╭─ Dataset excerpts

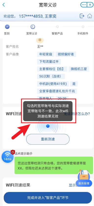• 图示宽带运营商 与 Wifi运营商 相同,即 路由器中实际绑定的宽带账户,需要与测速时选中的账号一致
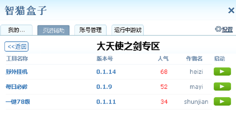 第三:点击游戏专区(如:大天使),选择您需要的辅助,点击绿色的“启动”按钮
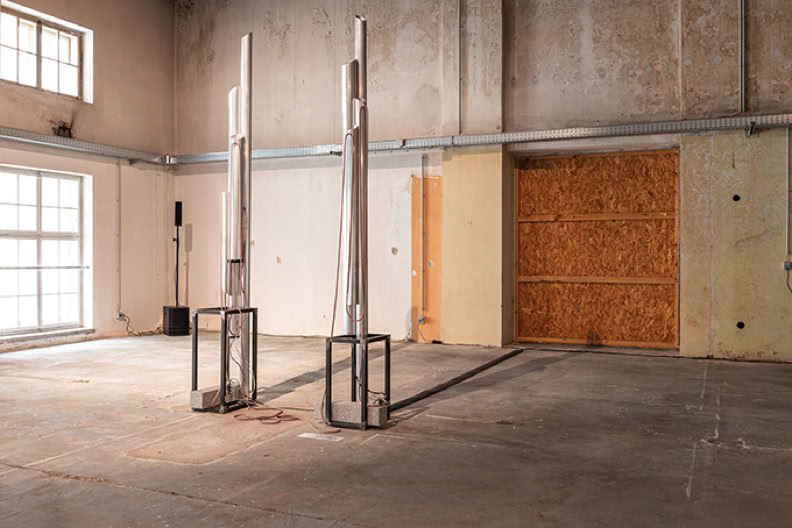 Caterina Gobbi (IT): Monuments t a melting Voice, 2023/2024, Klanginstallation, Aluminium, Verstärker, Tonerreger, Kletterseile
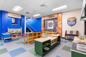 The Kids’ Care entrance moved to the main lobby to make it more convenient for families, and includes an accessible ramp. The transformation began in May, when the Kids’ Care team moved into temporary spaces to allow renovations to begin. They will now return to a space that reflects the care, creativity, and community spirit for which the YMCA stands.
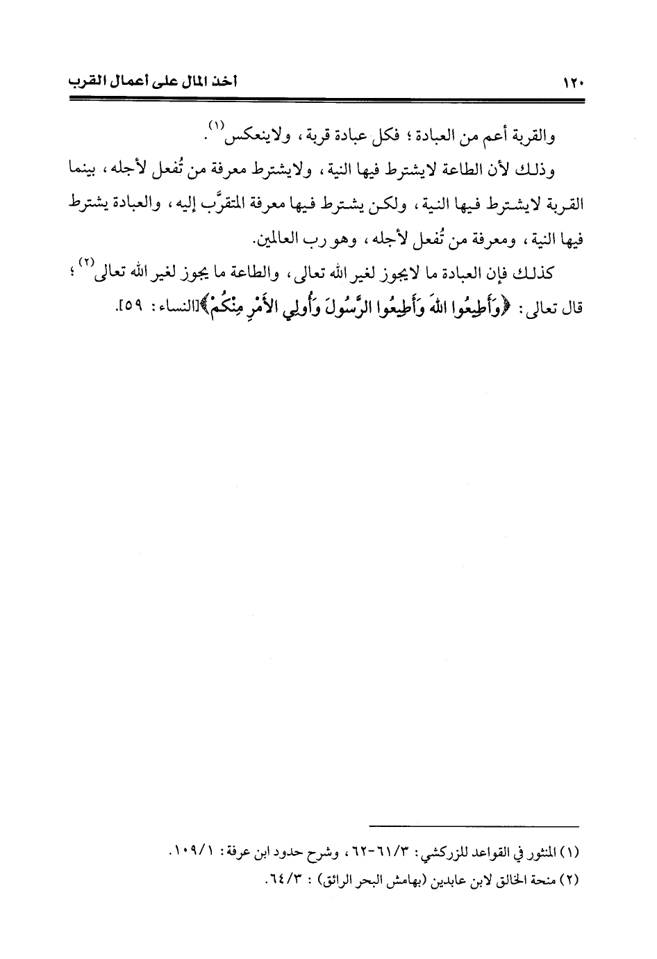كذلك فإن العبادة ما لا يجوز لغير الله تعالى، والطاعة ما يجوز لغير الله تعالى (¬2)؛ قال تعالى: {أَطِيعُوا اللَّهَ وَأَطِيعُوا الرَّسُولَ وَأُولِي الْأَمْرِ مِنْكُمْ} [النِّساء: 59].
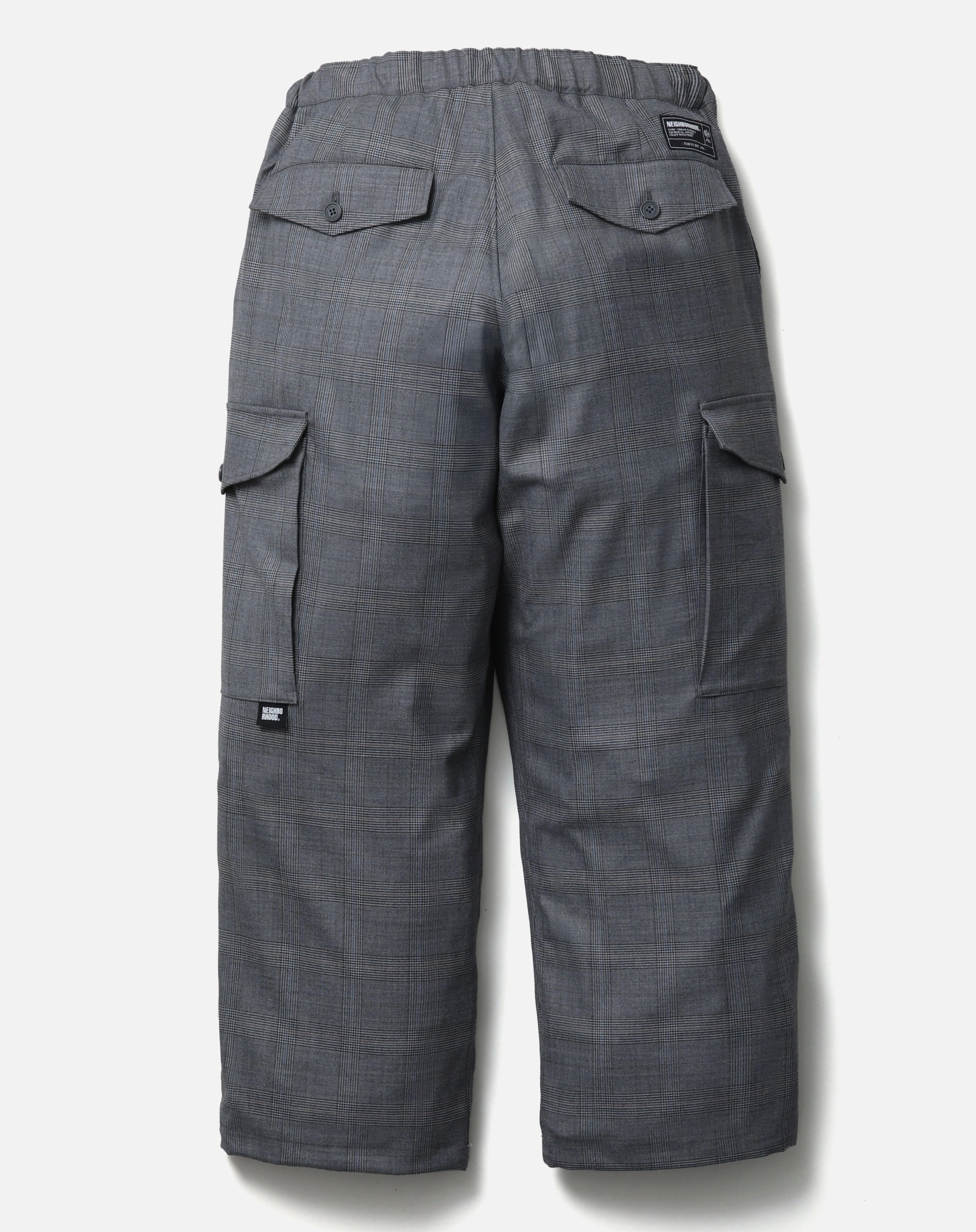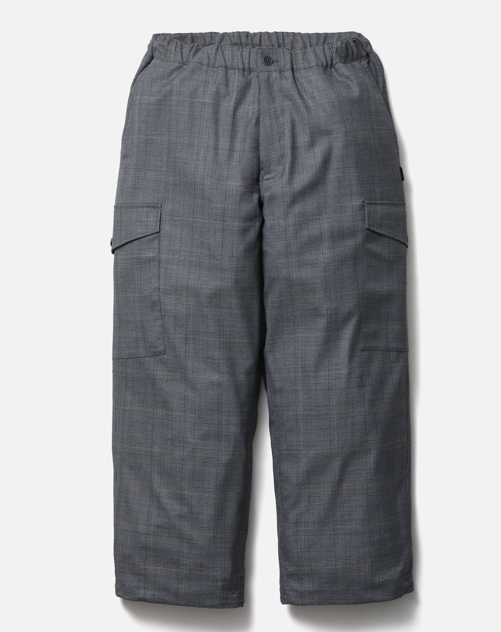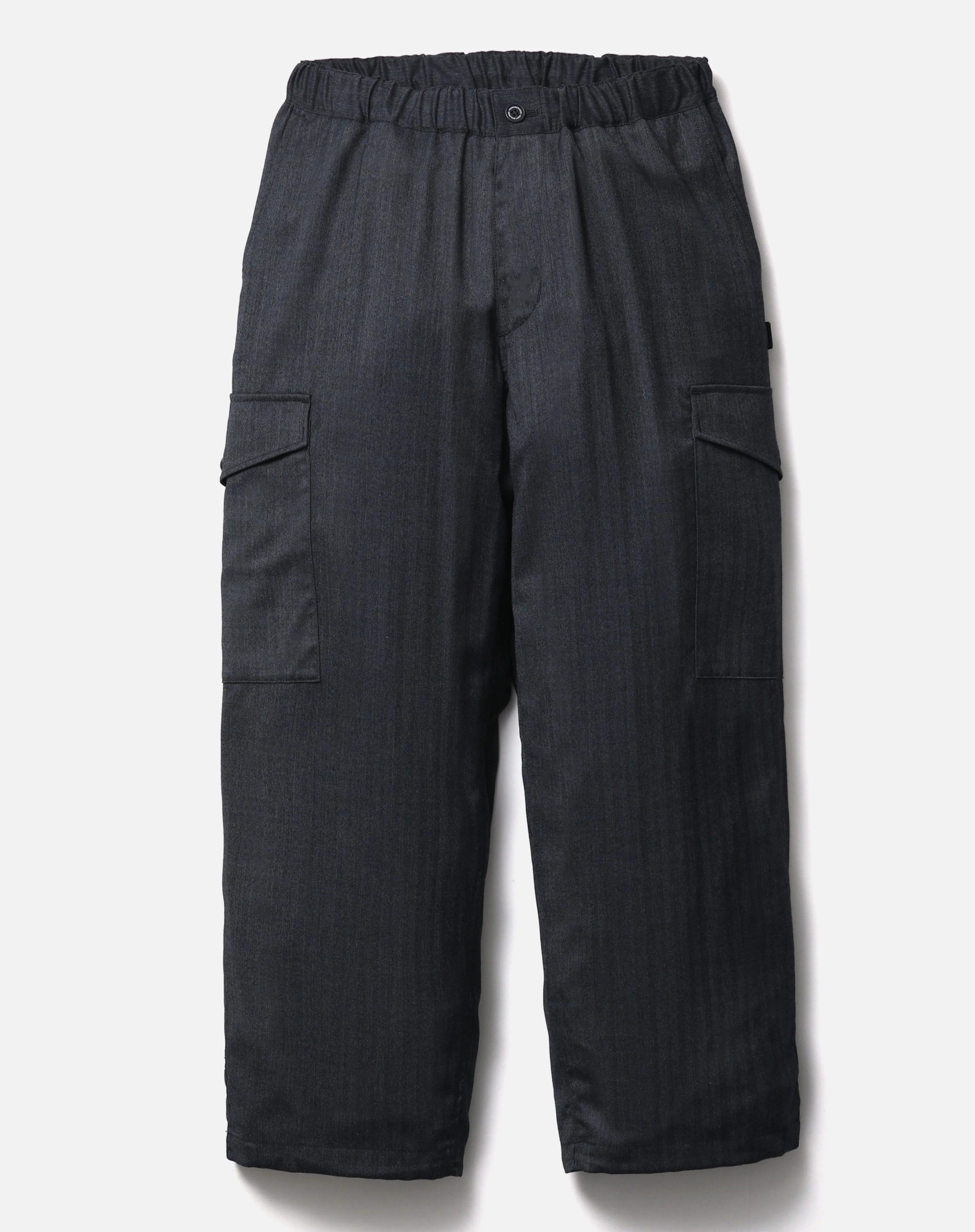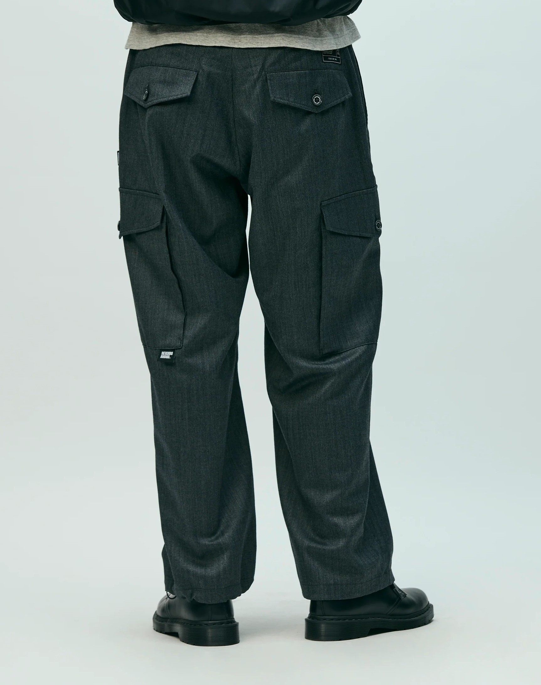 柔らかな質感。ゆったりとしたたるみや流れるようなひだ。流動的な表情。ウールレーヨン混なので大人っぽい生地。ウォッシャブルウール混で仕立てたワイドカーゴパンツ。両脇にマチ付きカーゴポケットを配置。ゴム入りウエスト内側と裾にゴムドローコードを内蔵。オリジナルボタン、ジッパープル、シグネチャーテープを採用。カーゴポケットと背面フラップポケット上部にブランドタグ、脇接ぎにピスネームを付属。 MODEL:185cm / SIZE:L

╰─
╭─ Dataset excerpts

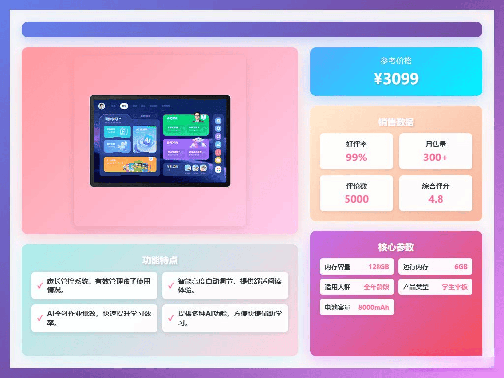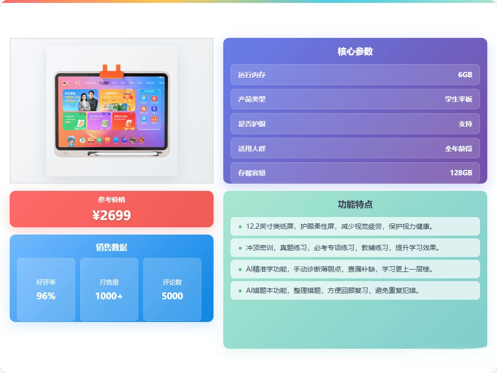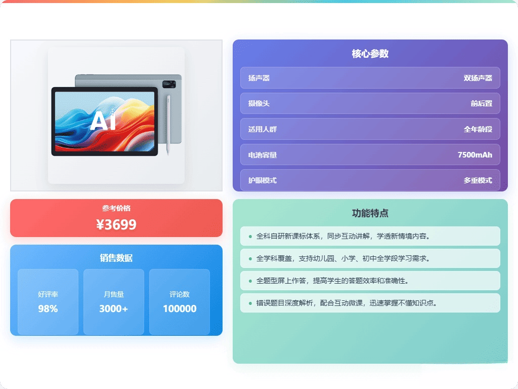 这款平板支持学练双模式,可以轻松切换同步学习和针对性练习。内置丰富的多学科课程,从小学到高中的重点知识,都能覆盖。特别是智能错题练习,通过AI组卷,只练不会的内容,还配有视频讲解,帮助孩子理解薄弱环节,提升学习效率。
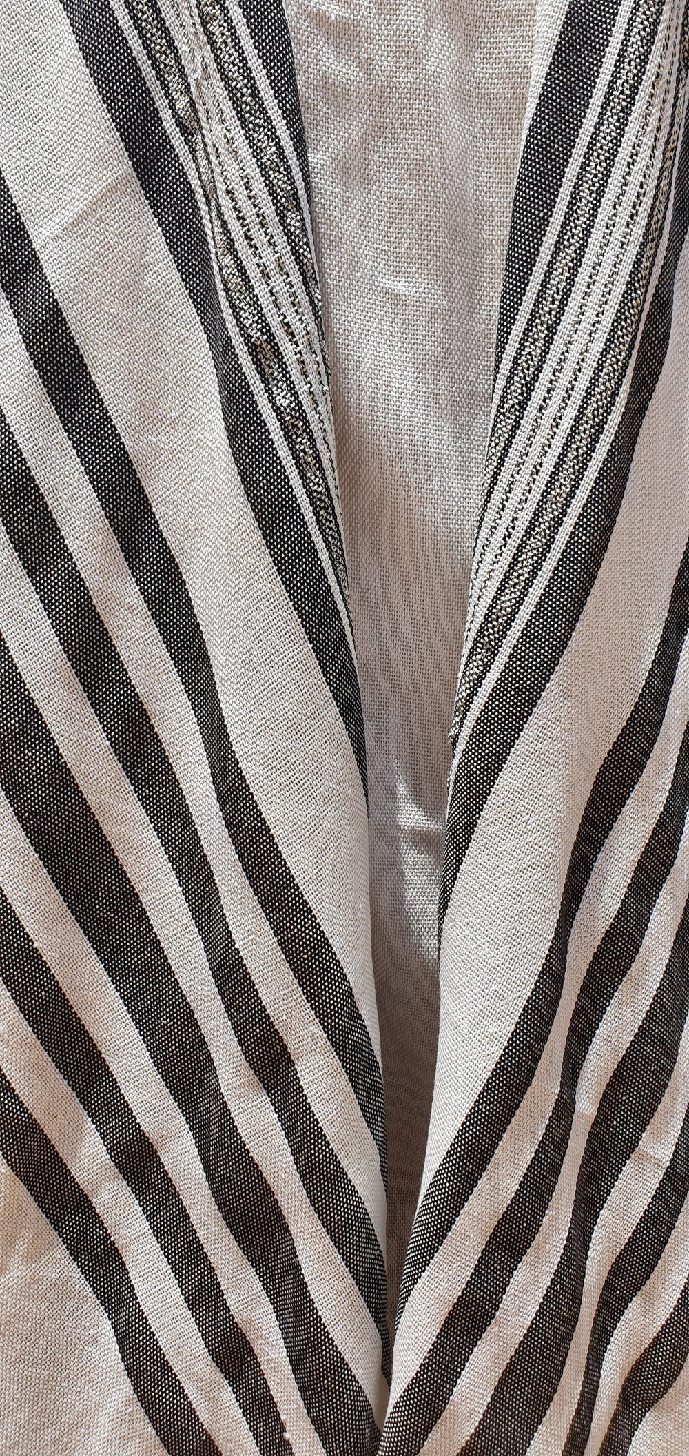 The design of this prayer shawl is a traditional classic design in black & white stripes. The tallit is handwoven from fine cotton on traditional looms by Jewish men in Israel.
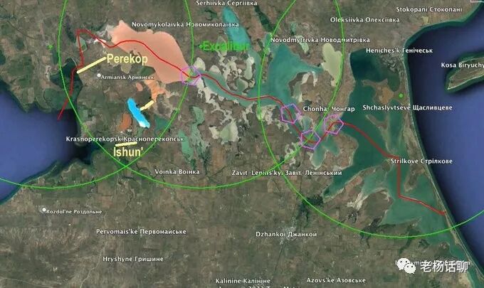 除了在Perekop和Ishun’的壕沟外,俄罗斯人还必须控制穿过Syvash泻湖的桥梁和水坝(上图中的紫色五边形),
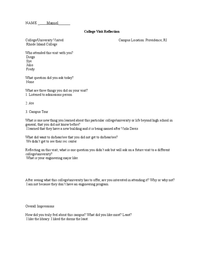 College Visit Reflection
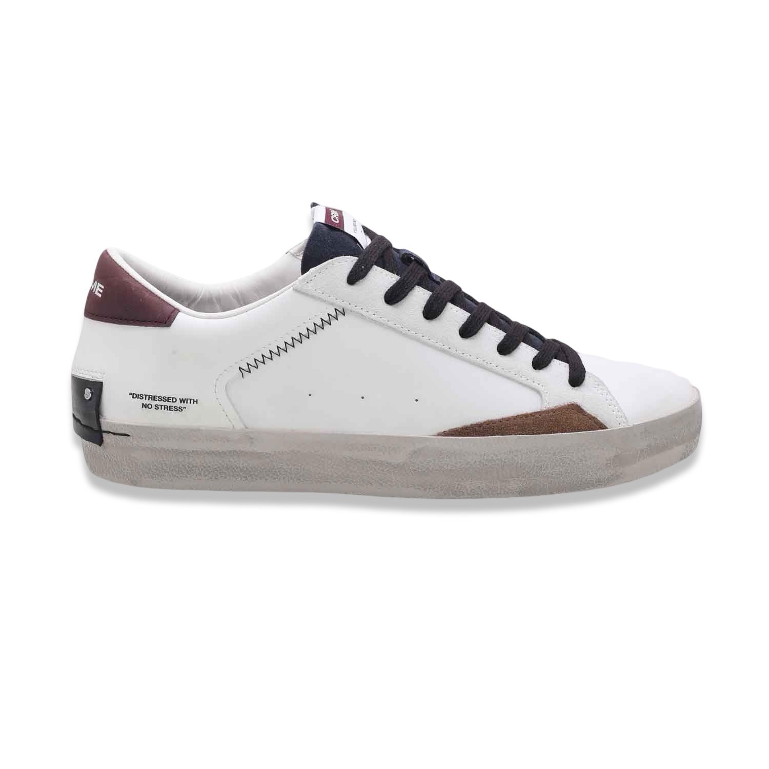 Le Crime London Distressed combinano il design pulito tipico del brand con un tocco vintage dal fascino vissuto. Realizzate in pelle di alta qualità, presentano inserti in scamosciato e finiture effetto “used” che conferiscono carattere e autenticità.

╰─

Using the records above, return verbatim only the part that opens with the line containing "Wifi运营商 相同,即 路由器中实际绑定的宽带账户,需要与测速时选中的账号一致" and closes with the line containing "MODEL:185cm / SIZE:L"; pictures stay out.

* _Task result_:
• 图示宽带运营商 与 Wifi运营商 相同,即 路由器中实际绑定的宽带账户,需要与测速时选中的账号一致
 第三:点击游戏专区(如:大天使),选择您需要的辅助,点击绿色的“启动”按钮
 Caterina Gobbi (IT): Monuments t a melting Voice, 2023/2024, Klanginstallation, Aluminium, Verstärker, Tonerreger, Kletterseile
 The Kids’ Care entrance moved to the main lobby to make it more convenient for families, and includes an accessible ramp. The transformation began in May, when the Kids’ Care team moved into temporary spaces to allow renovations to begin. They will now return to a space that reflects the care, creativity, and community spirit for which the YMCA stands.
كذلك فإن العبادة ما لا يجوز لغير الله تعالى، والطاعة ما يجوز لغير الله تعالى (¬2)؛ قال تعالى: {أَطِيعُوا اللَّهَ وَأَطِيعُوا الرَّسُولَ وَأُولِي الْأَمْرِ مِنْكُمْ} [النِّساء: 59].
 柔らかな質感。ゆったりとしたたるみや流れるようなひだ。流動的な表情。ウールレーヨン混なので大人っぽい生地。ウォッシャブルウール混で仕立てたワイドカーゴパンツ。両脇にマチ付きカーゴポケットを配置。ゴム入りウエスト内側と裾にゴムドローコードを内蔵。オリジナルボタン、ジッパープル、シグネチャーテープを採用。カーゴポケットと背面フラップポケット上部にブランドタグ、脇接ぎにピスネームを付属。 MODEL:185cm / SIZE:L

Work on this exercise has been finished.